To the organizations that send me news alerts: However interested you think I am in the private life of Taylor Swift, I promise you it’s less than that.
Optometrist: better or worse?
Me: oooo worse – I can see your face now
I like to make sure my breath is always fresh.
*eats entire sleeve of Thin Mints*
No time to explain get in the wood chipper
Before handing your wallet and wife’s necklace over to that angry gunman, pause to consider how sweet it would be if your son became Batman.
911: what’s your emergency
me: i need an ambulance at the public pool, jesus tried to do a cannonball
911: again?
me: he won’t listen to us
If you didn’t want me to object to this wedding maybe you shouldn’t have had a cash bar
Instead of intermittent fasting I’ve been trying intermittent eating and it’s working. I’m rarely hungry. The trick is to eat with dedicated regularity. Can’t believe no one else had it figured out yet.
Original plans for Mt Rushmore had the mouths carved open so they would scream out bats at the setting sun then eat them again at dawn.
it may be taboo, but i always climb down a ladder head first
I just said “haha omg I love your ugly sweater!” to my CW knowing full well it’s just one of her normal sweaters.
My son called me ‘Marc’
I said “That’s a little presumptuous. Call me Dad”
He replied “Now who’s being presumptuous?”
COP: any drugs in the car
ME: no
COP: ok
ME: APRIL FOOL’S
sounds kinky. i’m in.
I have a stomach ache and my husband is mad at me for eating the peanut butter out of the mouse traps.

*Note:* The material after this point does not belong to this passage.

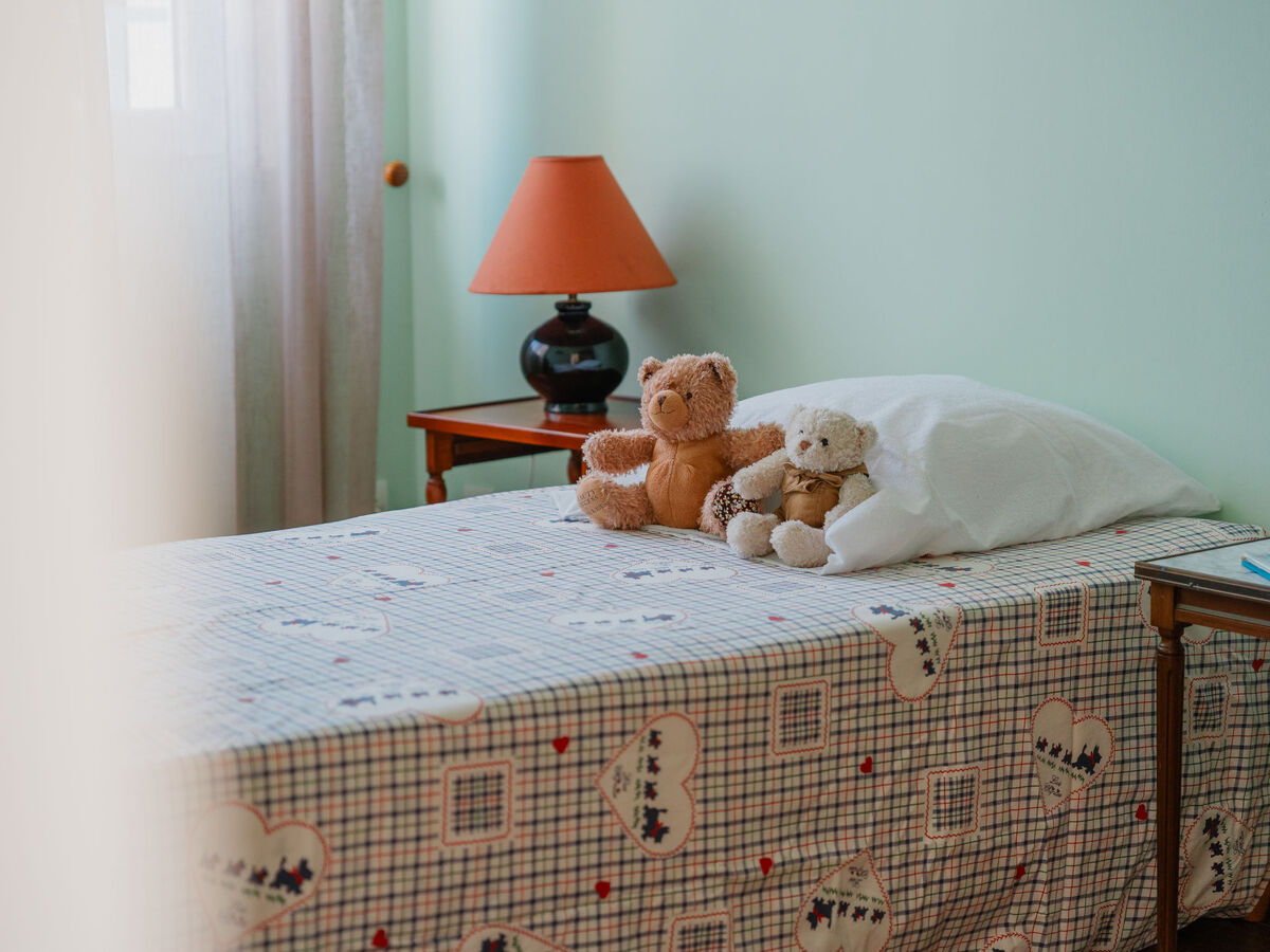 1 chambre avec 1 grand-lit (140 cm, longueur 190 cm).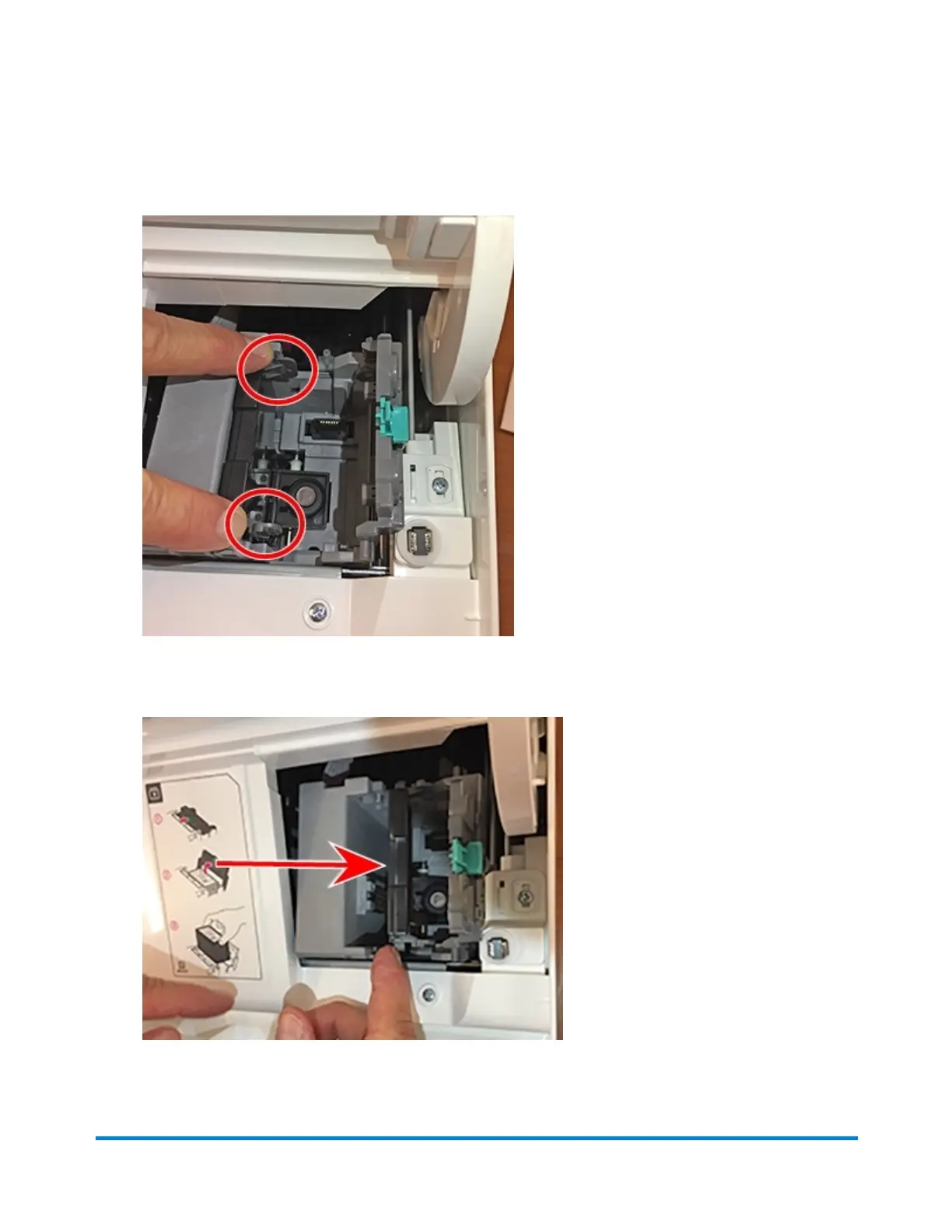 7. Squeeze the tabs on either side of the printhead.

gimma back my stick frost man… 😖☃️
her: i only eat like once a day it’s called intermittent fasting
me: oh what do you do the rest of the day?
her: adderall
A spider ran across my foot and now I have to explain why a woman was screaming in a men’s Target bathroom.
[3am]
Me:
My Dog: time to set the world record for licking noises
me: what’s your name?
alien: it cannot be pronounced by your earth tongue
me: is it jeff?
alien:
me:
alien: I didn’t know you could do j sounds it actua—it is jeff
My coffee maker isn’t working and I can’t help but think that I could come up with a solution if I only had some coffee
If my name was Dave I’d text my friends today saying “IT’S FRIDAVE! LET’S PARTY!”. They’d be sick of me by Tuesdave.